Task instructions
Exactly the lines from the start of the data below through the line that contains "In der Folge" are to be copied, with pictures left out.

--- Recorded data ---

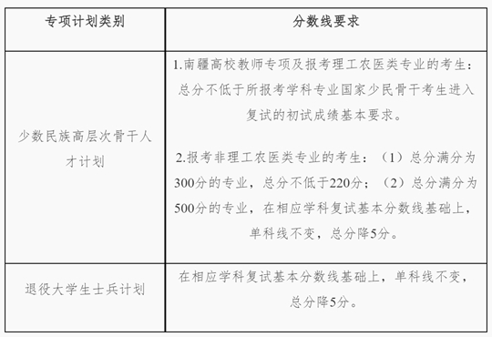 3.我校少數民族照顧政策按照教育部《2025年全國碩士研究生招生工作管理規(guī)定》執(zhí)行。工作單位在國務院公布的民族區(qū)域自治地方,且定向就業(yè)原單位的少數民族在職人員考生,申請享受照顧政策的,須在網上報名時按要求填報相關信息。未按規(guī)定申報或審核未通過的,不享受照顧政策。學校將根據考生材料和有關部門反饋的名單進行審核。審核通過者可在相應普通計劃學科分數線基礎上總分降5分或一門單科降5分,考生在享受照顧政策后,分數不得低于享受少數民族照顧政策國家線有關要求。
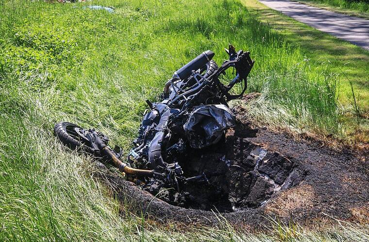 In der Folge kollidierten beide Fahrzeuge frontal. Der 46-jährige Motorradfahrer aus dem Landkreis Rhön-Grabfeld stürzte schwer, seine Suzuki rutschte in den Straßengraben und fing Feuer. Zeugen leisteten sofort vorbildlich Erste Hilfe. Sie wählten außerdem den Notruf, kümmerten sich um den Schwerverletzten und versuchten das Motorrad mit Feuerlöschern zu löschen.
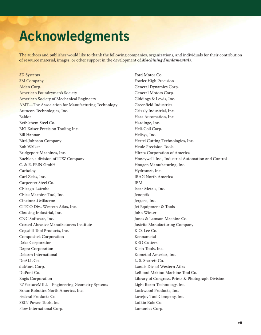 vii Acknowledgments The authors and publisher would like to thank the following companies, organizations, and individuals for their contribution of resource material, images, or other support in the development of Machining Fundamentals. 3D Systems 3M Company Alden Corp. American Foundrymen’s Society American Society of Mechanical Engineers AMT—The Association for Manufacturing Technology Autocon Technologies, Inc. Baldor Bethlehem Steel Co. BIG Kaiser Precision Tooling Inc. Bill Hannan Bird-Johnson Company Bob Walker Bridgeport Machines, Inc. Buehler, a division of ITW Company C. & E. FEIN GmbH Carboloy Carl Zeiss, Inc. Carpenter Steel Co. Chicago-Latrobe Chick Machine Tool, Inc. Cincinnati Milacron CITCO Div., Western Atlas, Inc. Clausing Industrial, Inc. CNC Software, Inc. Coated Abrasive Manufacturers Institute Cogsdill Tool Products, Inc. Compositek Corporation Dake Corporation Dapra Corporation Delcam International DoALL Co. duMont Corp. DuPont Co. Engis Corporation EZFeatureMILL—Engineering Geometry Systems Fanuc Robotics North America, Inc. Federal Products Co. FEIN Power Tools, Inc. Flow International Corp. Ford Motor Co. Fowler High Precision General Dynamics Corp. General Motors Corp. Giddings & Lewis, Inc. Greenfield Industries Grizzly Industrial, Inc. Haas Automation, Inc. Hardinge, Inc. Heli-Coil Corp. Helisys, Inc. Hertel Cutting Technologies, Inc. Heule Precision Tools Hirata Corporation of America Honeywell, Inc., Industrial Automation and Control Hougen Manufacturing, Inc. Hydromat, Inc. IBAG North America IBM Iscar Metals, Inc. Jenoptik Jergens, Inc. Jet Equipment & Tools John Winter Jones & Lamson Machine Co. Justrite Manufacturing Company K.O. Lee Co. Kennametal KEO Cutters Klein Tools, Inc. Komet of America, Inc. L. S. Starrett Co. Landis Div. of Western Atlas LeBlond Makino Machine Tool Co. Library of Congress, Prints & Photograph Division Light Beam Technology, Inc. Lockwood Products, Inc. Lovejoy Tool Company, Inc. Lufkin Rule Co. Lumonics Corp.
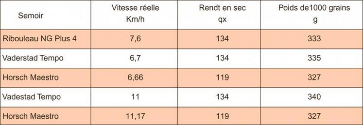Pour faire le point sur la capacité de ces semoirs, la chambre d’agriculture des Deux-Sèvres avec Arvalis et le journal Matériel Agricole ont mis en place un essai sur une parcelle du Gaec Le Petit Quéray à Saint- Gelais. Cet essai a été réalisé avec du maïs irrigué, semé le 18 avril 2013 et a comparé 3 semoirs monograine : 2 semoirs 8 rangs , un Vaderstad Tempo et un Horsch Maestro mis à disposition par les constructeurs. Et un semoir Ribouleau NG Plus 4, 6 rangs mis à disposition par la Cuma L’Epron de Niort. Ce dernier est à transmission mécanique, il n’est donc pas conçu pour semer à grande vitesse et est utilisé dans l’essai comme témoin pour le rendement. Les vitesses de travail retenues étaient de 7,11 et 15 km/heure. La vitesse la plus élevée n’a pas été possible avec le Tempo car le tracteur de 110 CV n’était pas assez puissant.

---

Your solution
 3.我校少數民族照顧政策按照教育部《2025年全國碩士研究生招生工作管理規(guī)定》執(zhí)行。工作單位在國務院公布的民族區(qū)域自治地方,且定向就業(yè)原單位的少數民族在職人員考生,申請享受照顧政策的,須在網上報名時按要求填報相關信息。未按規(guī)定申報或審核未通過的,不享受照顧政策。學校將根據考生材料和有關部門反饋的名單進行審核。審核通過者可在相應普通計劃學科分數線基礎上總分降5分或一門單科降5分,考生在享受照顧政策后,分數不得低于享受少數民族照顧政策國家線有關要求。
 In der Folge kollidierten beide Fahrzeuge frontal. Der 46-jährige Motorradfahrer aus dem Landkreis Rhön-Grabfeld stürzte schwer, seine Suzuki rutschte in den Straßengraben und fing Feuer. Zeugen leisteten sofort vorbildlich Erste Hilfe. Sie wählten außerdem den Notruf, kümmerten sich um den Schwerverletzten und versuchten das Motorrad mit Feuerlöschern zu löschen.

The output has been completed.